- _WORK ITEM_
Print out the data exactly, keeping every image out of it.

- _DATA SEGMENT_
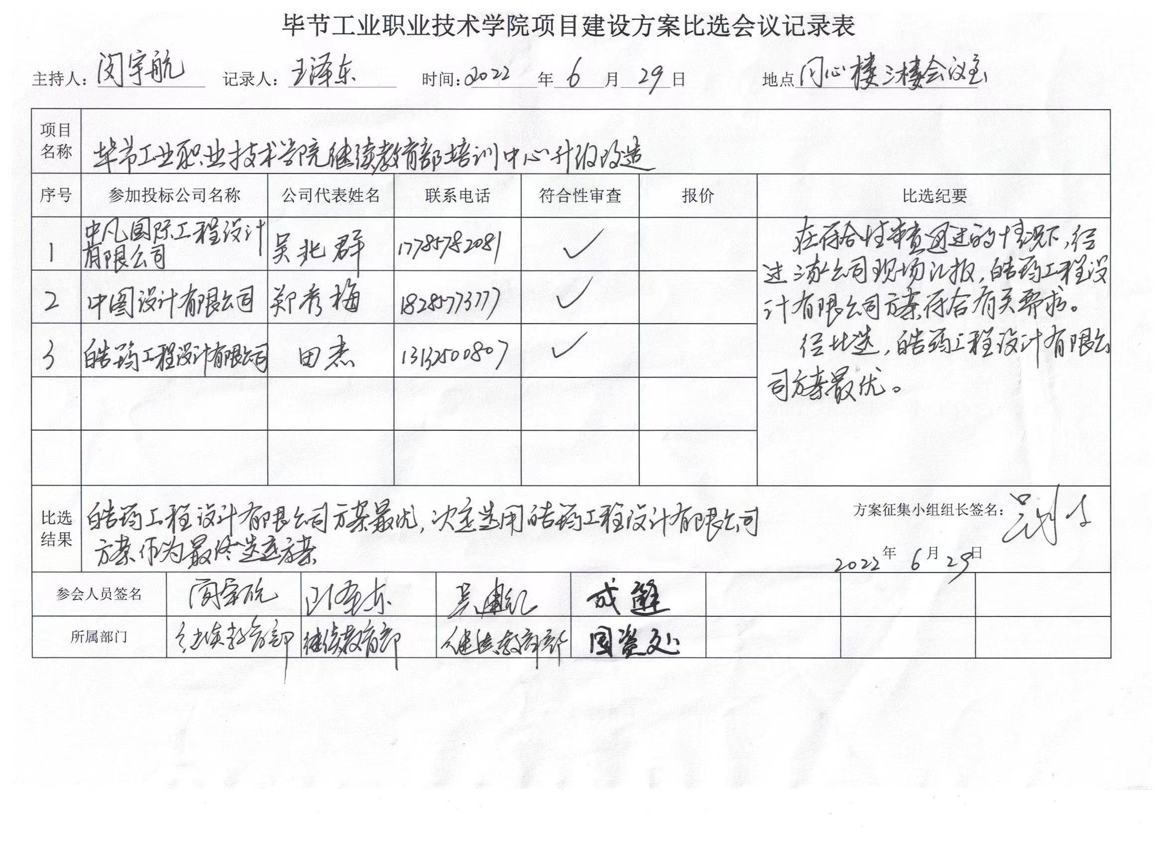 畢節(jié)工業(yè)職業(yè)技術(shù)學(xué)院繼續(xù)教育部培訓(xùn)中心升級改造方案比選結(jié)果公示
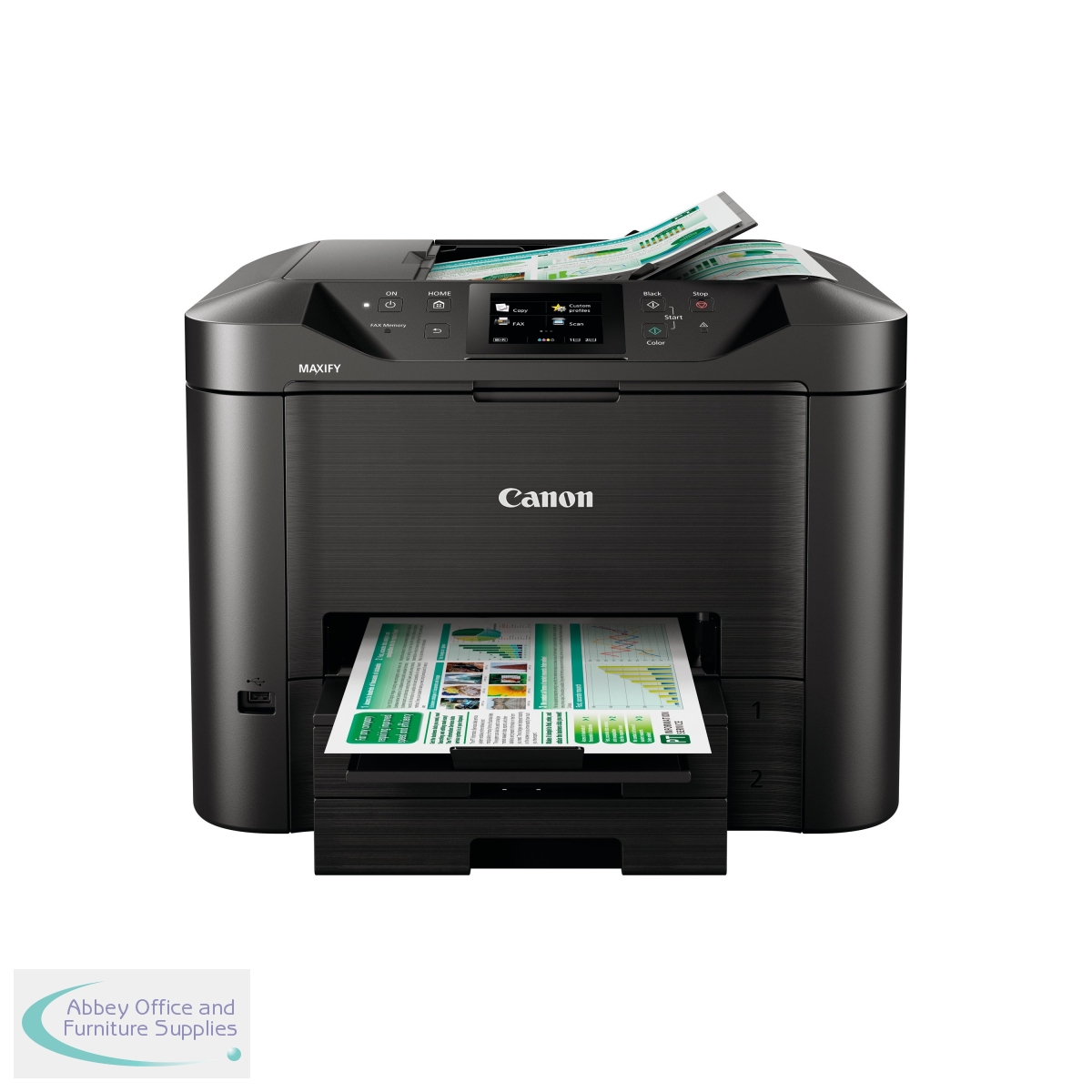 This Canon Maxify MB5450 4-in-1 inkjet colour printer offers great productivity, reliability and convenience in your small office, providing print, copy, scan and fax options. Wireless printing from mobile devices and cloud services and easy network integration. With the convenience of 500 sheet capacity paper tray. A print speed of up to 24.0 ipm mono and 15.5 ipm colour (A4). ADF copy speeds of up to 11.5 ipm (colour) and 22.0 ipm (mono). Multiple copies of up to 99 pages, reduction and enlargement of 25-400% and fit to page. with Automatic 2-sided to 2-sided duplex printing (A4, LTR, plain paper). Automatic document feed of up to 50 sheets and enables double-sided scanning and printing. Scan via a flatbed, single pass 2-sided ADF colour scanner, with an optical resolution of up to 1200 x 1200 dpi. Scan to network folder, scan to USB, to cloud or email via cloud connectivity. Print resolution up to 1200 x 600 dpi. With a fax Super G3/colour, with a resolution of up to 300 x 300 dpi (mono), 200 x 200 dpi (colour). Fax memory of up to 250 pages, coded speed dialing of up to 100 locations, and group dial of up to 99 locations. Connect with USB 2.0, Ethernet 10/100Mbps (auto switchable), USB flash memory port (A type). Wireless connections Wi-Fi IEEE802.11 g/g/n, Wireless LAN, Access Point Mode. Applications support: Canon PRINT Inkjet/SELPHY app, MAXIFY Cloud Link (from printer or smart device), Canon Print Service Plug-in (Android), Mopria, Microsoft Mobile Print, Apple AirPrint. All controlled via a 8.8cm LCD touchscreen panel. Supplied with in-box inks.
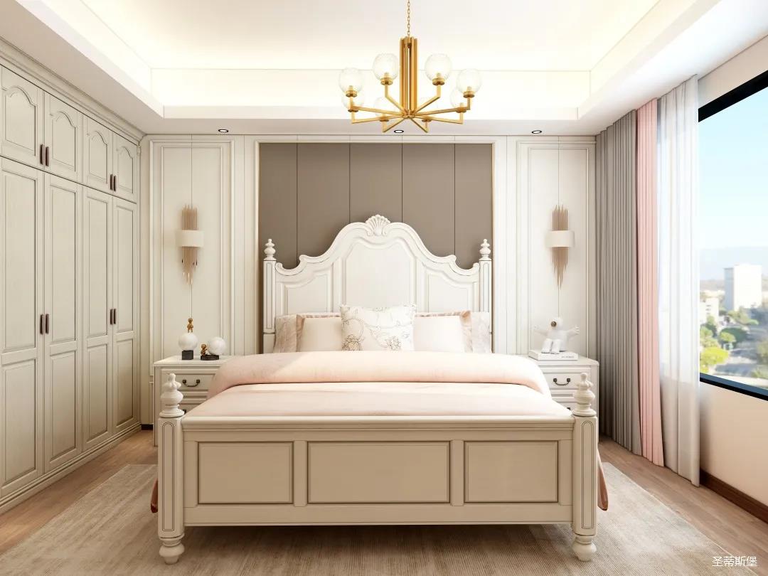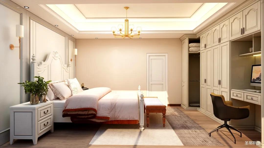 次臥的設計更注重收納,人性化嵌入式書桌,整排衣柜設計有效的利用了空間每一個角落。床屏在保持原有美式家具特色的同時,增加了線條美,將繁雜的雕琢簡化,并融入時尚的美式元素,壁燈,吊燈糅合自然光影,完美呈現出尊貴的空間格調。
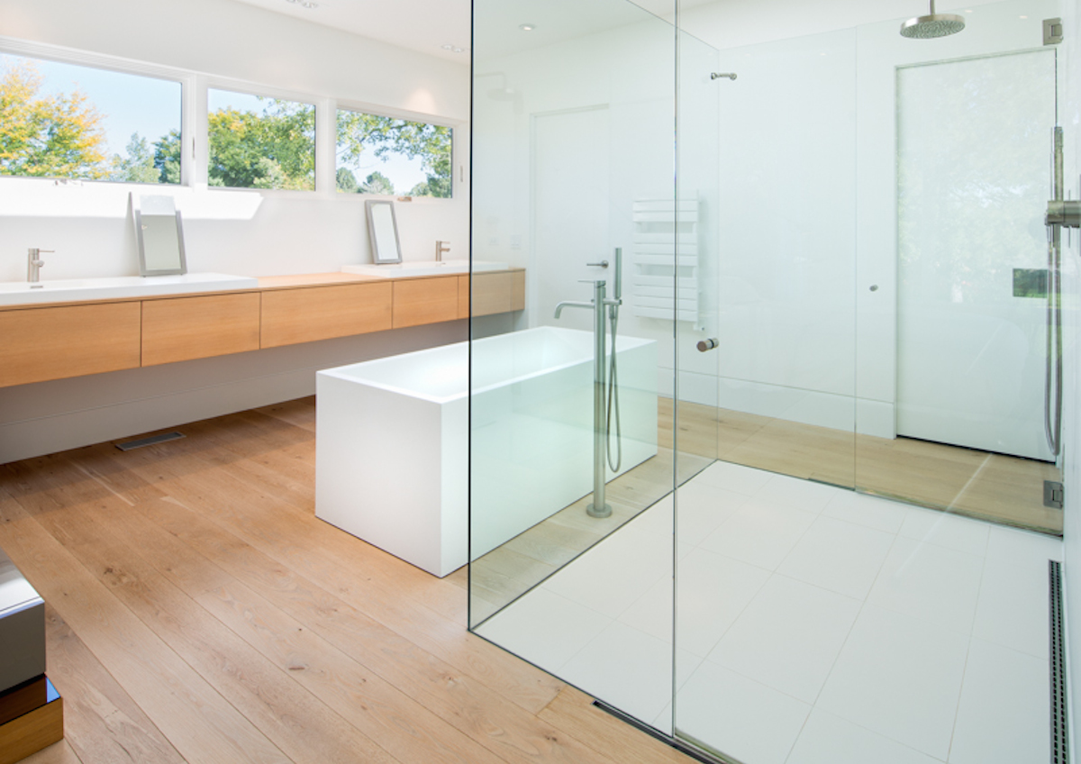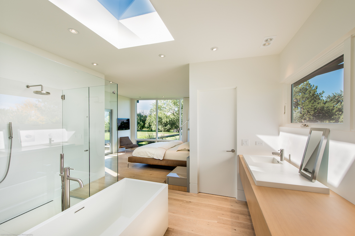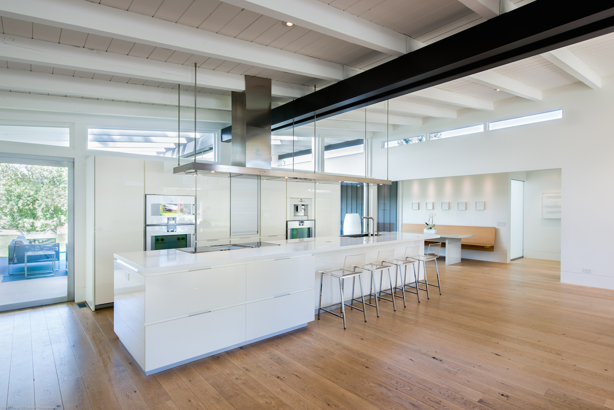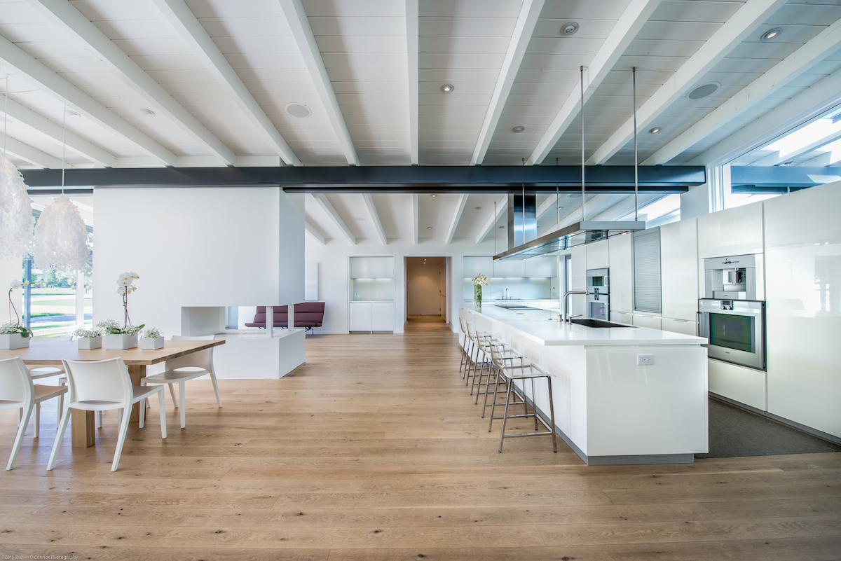 Adding only 400 square feet to the home’s footprint, the renovation kept the exterior integrity of the home. But once inside, it’s a whole new world. Custom white-oak floors connect the entire first floor, complementing the home’s simple, white surfaces and thoughtful design. After entering a sunny foyer, visitors move into the large living/dining/kitchen space that anchors the home. A Varenna kitchen from Studio Como takes center stage. The appliance wall—featuring Gaggenau, Thermador, and Miele tools—faces a sleek cooktop built into an extra-long breakfast bar, perfect for entertaining.

- _SOLUTION TO THE PROBLEM_
 畢節(jié)工業(yè)職業(yè)技術(shù)學(xué)院繼續(xù)教育部培訓(xùn)中心升級改造方案比選結(jié)果公示
 This Canon Maxify MB5450 4-in-1 inkjet colour printer offers great productivity, reliability and convenience in your small office, providing print, copy, scan and fax options. Wireless printing from mobile devices and cloud services and easy network integration. With the convenience of 500 sheet capacity paper tray. A print speed of up to 24.0 ipm mono and 15.5 ipm colour (A4). ADF copy speeds of up to 11.5 ipm (colour) and 22.0 ipm (mono). Multiple copies of up to 99 pages, reduction and enlargement of 25-400% and fit to page. with Automatic 2-sided to 2-sided duplex printing (A4, LTR, plain paper). Automatic document feed of up to 50 sheets and enables double-sided scanning and printing. Scan via a flatbed, single pass 2-sided ADF colour scanner, with an optical resolution of up to 1200 x 1200 dpi. Scan to network folder, scan to USB, to cloud or email via cloud connectivity. Print resolution up to 1200 x 600 dpi. With a fax Super G3/colour, with a resolution of up to 300 x 300 dpi (mono), 200 x 200 dpi (colour). Fax memory of up to 250 pages, coded speed dialing of up to 100 locations, and group dial of up to 99 locations. Connect with USB 2.0, Ethernet 10/100Mbps (auto switchable), USB flash memory port (A type). Wireless connections Wi-Fi IEEE802.11 g/g/n, Wireless LAN, Access Point Mode. Applications support: Canon PRINT Inkjet/SELPHY app, MAXIFY Cloud Link (from printer or smart device), Canon Print Service Plug-in (Android), Mopria, Microsoft Mobile Print, Apple AirPrint. All controlled via a 8.8cm LCD touchscreen panel. Supplied with in-box inks.
 次臥的設計更注重收納,人性化嵌入式書桌,整排衣柜設計有效的利用了空間每一個角落。床屏在保持原有美式家具特色的同時,增加了線條美,將繁雜的雕琢簡化,并融入時尚的美式元素,壁燈,吊燈糅合自然光影,完美呈現出尊貴的空間格調。
 Adding only 400 square feet to the home’s footprint, the renovation kept the exterior integrity of the home. But once inside, it’s a whole new world. Custom white-oak floors connect the entire first floor, complementing the home’s simple, white surfaces and thoughtful design. After entering a sunny foyer, visitors move into the large living/dining/kitchen space that anchors the home. A Varenna kitchen from Studio Como takes center stage. The appliance wall—featuring Gaggenau, Thermador, and Miele tools—faces a sleek cooktop built into an extra-long breakfast bar, perfect for entertaining.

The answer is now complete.